Is the dollar about to break? The question is crucial for gold bugs, since the greenback’s strength has kept a lid on bullion prices since last March, when the dollar embarked on a 25% rally from historical lows. Over the same period, gold has dropped about 28% after hitting an all-time high near $1048. We see no technical evidence these trends are about to reverse, but that could change if the Dollar Index, which settled on Friday at 87.12, were to drop by about 1.5 percent in the next week or so. We’ll explain this in a moment.

Why the dollar should be so strong is another question that has vexed the hard-money crowd, but the answer is simple: A massive, global short position against the dollar is being unwound. Remember, anyone who owes dollars is implicitly short them – and also implicitly hoping for inflation, since that would allow borrowers to repay creditors in cheapened dollars. In the past, servicing dollar loans was easy for most borrowers, since credit was plentiful, collateral values were rising, and it was easy to keep rolling the loans forward. Now, though, much of the collateral has become suspect, and creditors (other than the U.S. Government) are no longer able to provide easy terms. They are in fact demanding that borrowers settle up in cash, and this has pushed the dollar higher. Similarly, a short-squeeze has been pushing up the yen, but even more steeply. That’s probably because many trillions of yen that were borrowed from Japan’s central bank at rates of one percent or less were used almost exclusively for leveraged speculation.

Paradoxical Strength

How long is the dollar’s paradoxical strength likely to last? Our guess is that it will persist for as long as deflation continues to overwhelm the inflationary nostrums of the central banks. Right now, it’s like a contest between a grade school football team and the New York Giants. While it might seem like the trillions of dollars the Fed has put into play amounts to big money, it pales in comparison to the tens of trillions of dollars that have vanished from the financial system. Debt deflation is the cause of this, and it could take another six or seven years to runs its course, according to followers of Kondratiev Wave Theory who correctly predicted deflation well ahead of the event.
So why should a 1.5% drop in the Dollar Index, from 87.12 to 85.82, be viewed by gold bugs as a sign that deflation is loosing its grip on precious metals? According to our technical runes, that would test a key Hidden Pivot support (see chart above) whose resiliency holds clues to the dollar’s future. If the support fails to produce a bounce, however – or worse yet, the index closes for two consecutive days beneath it -- that would suggest the dollar’s rally is starting to sputter out.

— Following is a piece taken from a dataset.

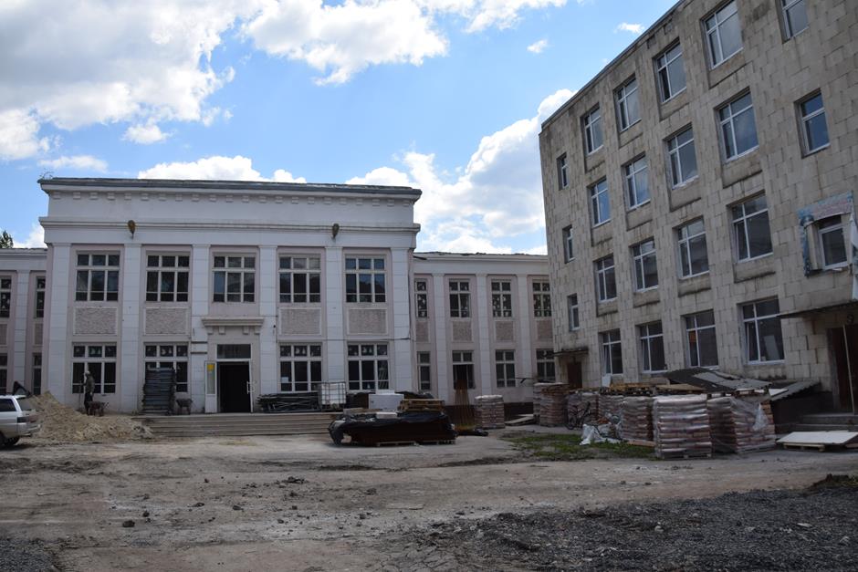 На текущую дату подрядной организацией демонтированы внутренние инженерные коммуникации, оконные и дверные блоки. Установлены металлопластиковые окна. В настоящее время выполняется устройство фасадов, кирпичная кладка перегородок, усиление проемов.

This could conceivably occur if two or three consecutive Treasury auctions draw relatively few buyers. They are still turning out in droves, but we think their absolute preference for Treasury debt over high-grade corporate paper will eventually come to be seen as a manifestation of mass mental illness. Meanwhile, although we are willing to concede that a hyperinflation may be lurking somewhere down the road, we do not think that it will come in time to save debtors. To think otherwise is to implicitly believe that you and I will eventually be able to pay off our mortgages by selling our homes for quadrillions of dollars, or by using a tiny fraction of our billion dollar paychecks.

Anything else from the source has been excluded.